The main question faced by metaliens is whether or not they are “smart enough” to outsmart the government and politicize the scene without destroying it. The majority of participants believe, in the words of one posting, that if a band becomes political, “the cops will F**k u.” The article from the summer of 2006 that “outed” Slacker as a satanist only reinforced such fears in the metal community, and led one participant in the forum to argue that it would be better to keep the scene more underground. But Wael pointed out that the bad press “actually refutes your argument to stay low, since, as you see, if the press or Amn el Dawla [state security services] or anyone wants to get to us they can do so very easily. Mesh hanetnase7 3aleehom lama ne3mel concert fel badeya aw Hassan Fahmy aw 7atta ta7t el ard” [“We can’t pretend to be smarter then them [government] by doing concerts in Badya, Hassan Fahmy, or even under the ground.” The numbers represent Arabic letters that don’t have corresponding English sounds].
The fluidity with which Wael moves back and forth between Egyptian Arabic and English is striking, and is a part of the trend in which Arabs, Iranians, Pakistanis, and other peoples normally using non-Latin alphabets have combined their spoken language with English—the lingua franca of the Internet—into hybrid languages that reflect their cultural heterogeneity. In fact, it is the normal way the Egyptian metalheads communicate with each other in person as well, even when they don’t have to speak English. In rehearsals, on the phone, in chat rooms, at the local yuppie coffee bar or pub, the borders between what could be considered “Egyptian” and “foreign” or “Western” culture are impossible to define, which is precisely why other, more powerful groups want to define the borders for them.

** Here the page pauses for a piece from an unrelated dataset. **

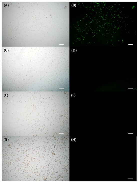 The cytoprotective properties against H2O2 stimulation. Observation of FL microscope of (A,B) without treatment of GA-IONP, (C,D) 0.125 mg/mL, (E,F) 0.25 mg/mL, and (G,H) 0.5 mg/mL of GA-IONP. The scale bar indicates 100 μm.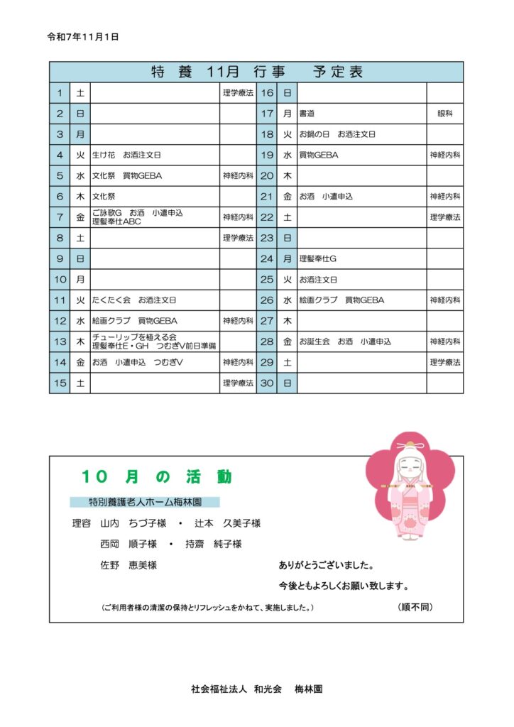 後は、梅林園に連れて帰り、文化祭までにご利用者様や

For Wael, the main problem is that the security services are too pervasive to avoid by keeping the scene underground. In his opinion, the best strategy is to make the scene more legitimate by doing shows at “respectable” locations like the Sawi Culture Wheel in Zemalek, where they can be regulated according to cultural and political norms, rather than at more-clandestine spots like the Villa Hassan Fahmy, where “tons of law violations” (mostly involving drinking and drugs) occur.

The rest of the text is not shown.